Now if we add an extra element to the vector (make it 1 2 3 4 5) so that it has an ODD number of elements. The shifting no longer works as expected.

>> fftshift(fft([1 2 3 4 5]))

ans =

  -2.5000 - 0.8123i  -2.5000 - 3.4410i  15.0000 + 0.0000i  -2.5000 + 3.4410i  -2.5000 + 0.8123i

>> fft([1 -2 3 -4 5])

ans =

   3.0000 + 0.0000i   2.7361 + 2.5429i  -1.7361 +10.7719i  -1.7361 -10.7719i   2.7361 - 2.5429i

Any idea on how to make this work for an odd number of elements?
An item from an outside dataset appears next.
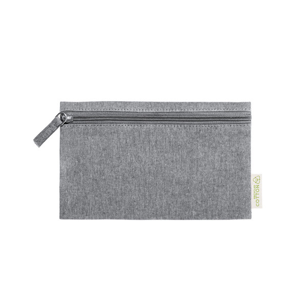 Neceser de línea nature elaborado en algodón reciclado. Compartimento principal de cierre de cremallera y tirador juego, con distintivo algodón reciclado en etiqueta.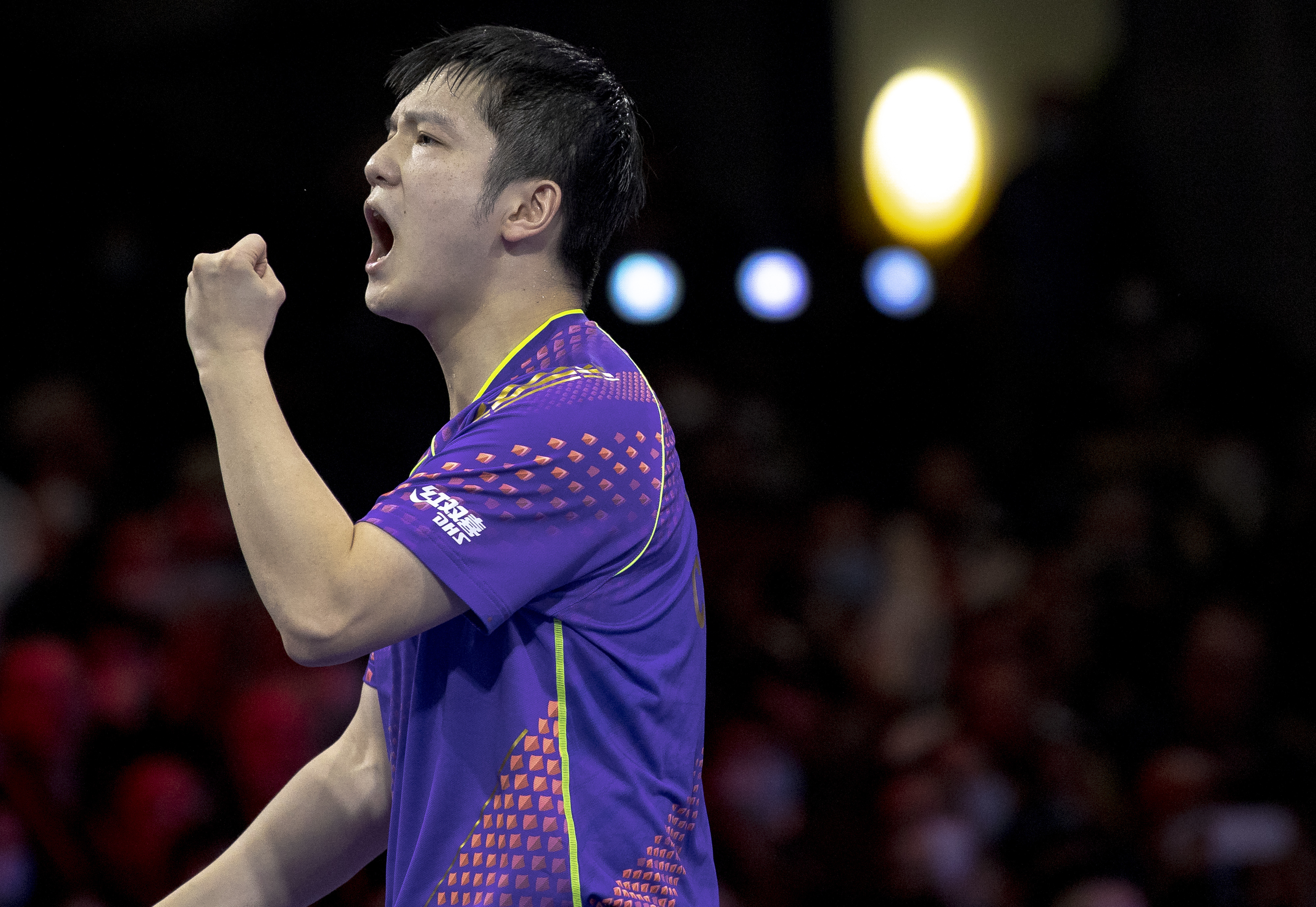 11月28日,樊振东在比赛中庆祝。新华社发(瓦格纳 摄)

You can get an odd shift by multiplying by pow(pow(-1,(N+1)/N), i), where N is the length. That’s obviously a much more complicated computation and can’t be simplified with the bitwise operations commonly used, but there it is. Here’s python code.

>>> import math
>>> import numpy as np
>>> A = np.arange(1,8)
>>> A
array([1, 2, 3, 4, 5, 6, 7])
>>> inx = np.arange(7)
>>> fact = pow(-1, (A.size + 1)/A.size)
>>> afact = np.power(fact,inx)
>>> afact
array([ 1.        +0.j        , -0.90096887-0.43388374j,
        0.6234898 +0.78183148j, -0.22252093-0.97492791j,
       -0.22252093+0.97492791j,  0.6234898 -0.78183148j,
       -0.90096887+0.43388374j])
>>> np.fft.ifft ( np.fft.fft(A) * afact)
array([5.-4.44089210e-16j, 6.-5.98212619e-16j, 7.-3.75800343e-16j,
       1.+1.47593148e-15j, 2.+3.98770332e-16j, 3.-5.04049884e-17j,
       4.-4.06194651e-16j])

We have published details of our approach at The 1D fftshift in CUDA by chessboard multiplication link. Also, we have published our implementations considering also the case of an odd number of elements at our GitHub page.

1 Like

Hello, I was just wondering if there is a similar way to do the inverse fft shift? I need that to do a convolution. That is, the multiply method of stated by JFSebastian.